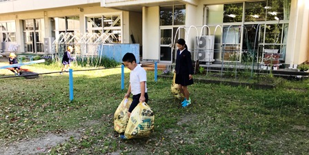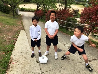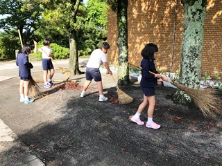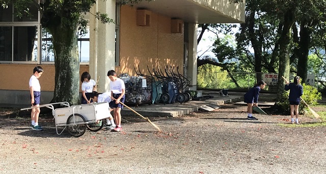 5月9日(水) 今日は久しぶりの晴天で、気持ちのよい朝でしたが、学校は昨日までの雨で、木の葉や枝がたくさん散っています。それを4年生がボランティアできれいにしてくれていました。
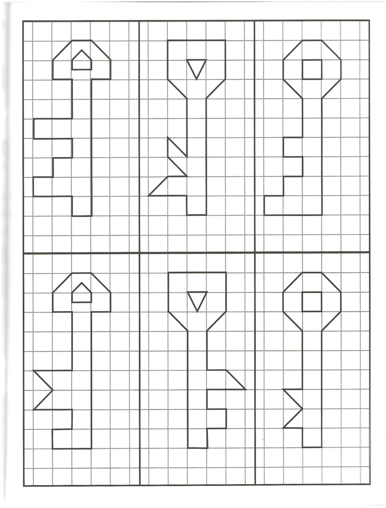 Задача этого квеста: научить детей использовать линейку для измерения, пользоваться глазомером и рисовать орнаменты (ключи) по клеточкам, соблюдая масштаб.
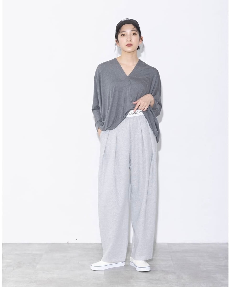 ロゴ入りウエストゴムがアクセントとなり、こなれた大人カジュアルを演出。
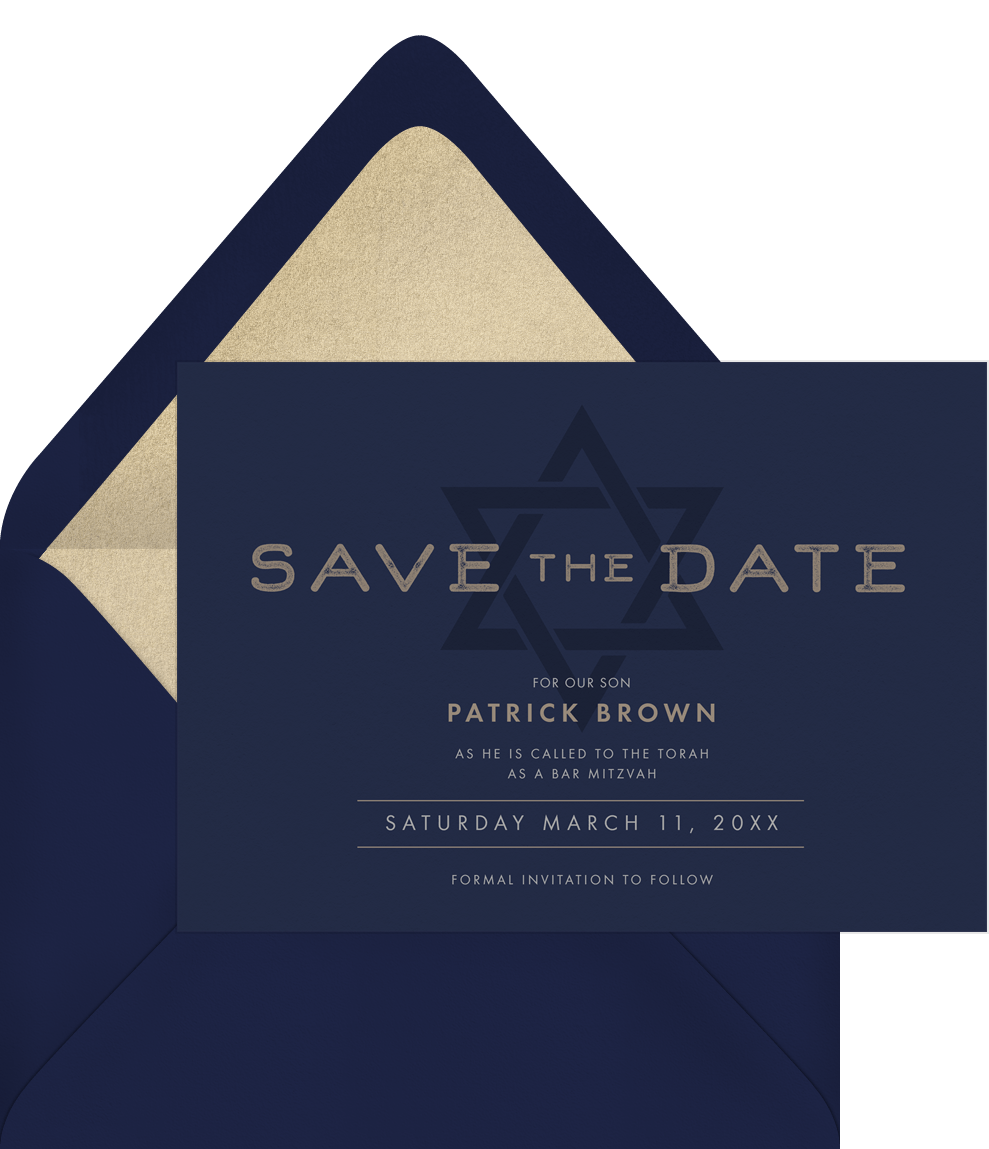 save the dates star feature black bar mitzvah Designs
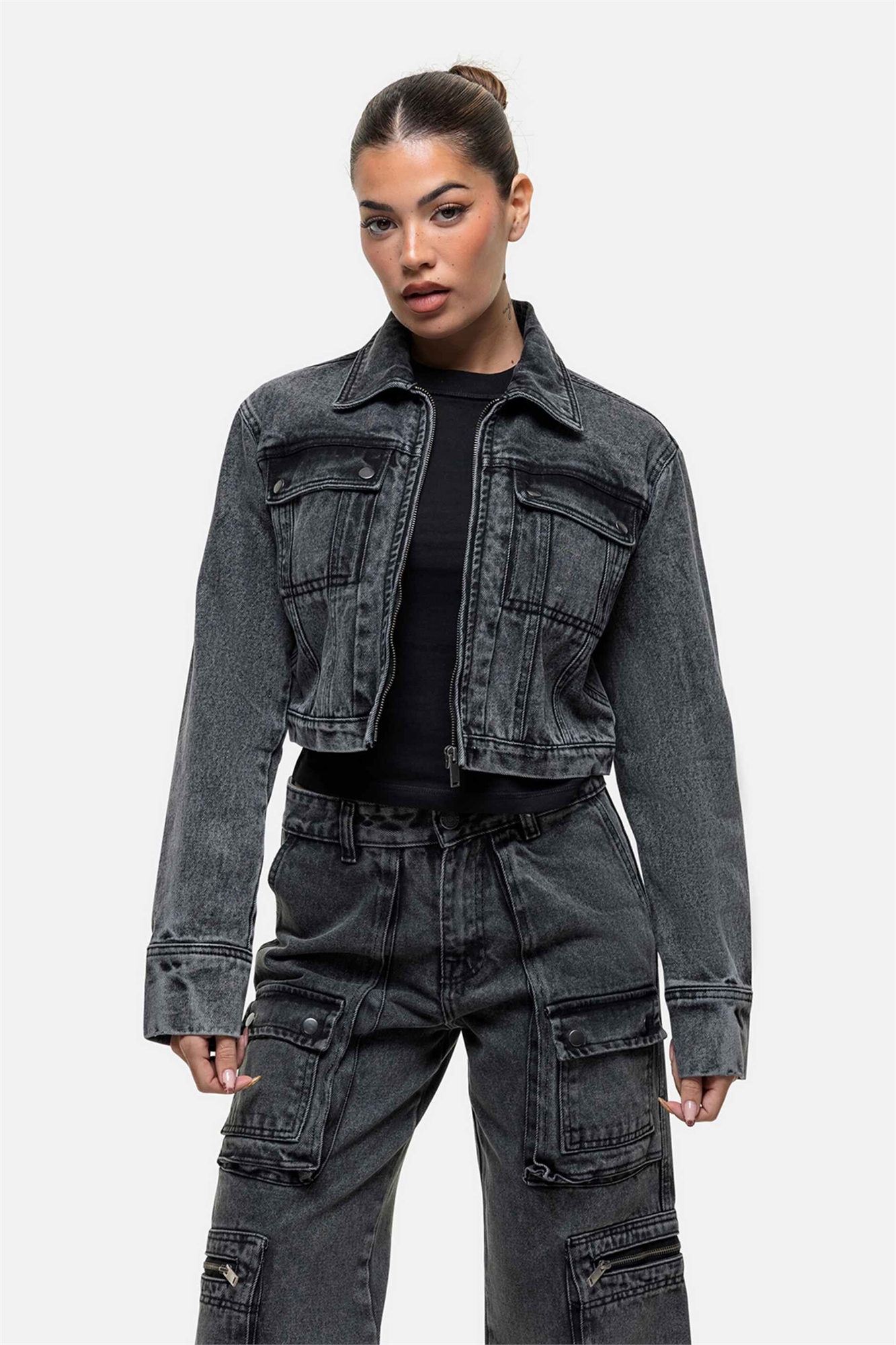 Короткая джинсовая куртка из координированной ткани черного цвета с кислотной обработкой

# # # # # # #

» **Description of the task**: Give the listing above again exactly, minus any images.

» **Solution for this exercise**:
 5月9日(水) 今日は久しぶりの晴天で、気持ちのよい朝でしたが、学校は昨日までの雨で、木の葉や枝がたくさん散っています。それを4年生がボランティアできれいにしてくれていました。
 Задача этого квеста: научить детей использовать линейку для измерения, пользоваться глазомером и рисовать орнаменты (ключи) по клеточкам, соблюдая масштаб.
 ロゴ入りウエストゴムがアクセントとなり、こなれた大人カジュアルを演出。
 save the dates star feature black bar mitzvah Designs
 Короткая джинсовая куртка из координированной ткани черного цвета с кислотной обработкой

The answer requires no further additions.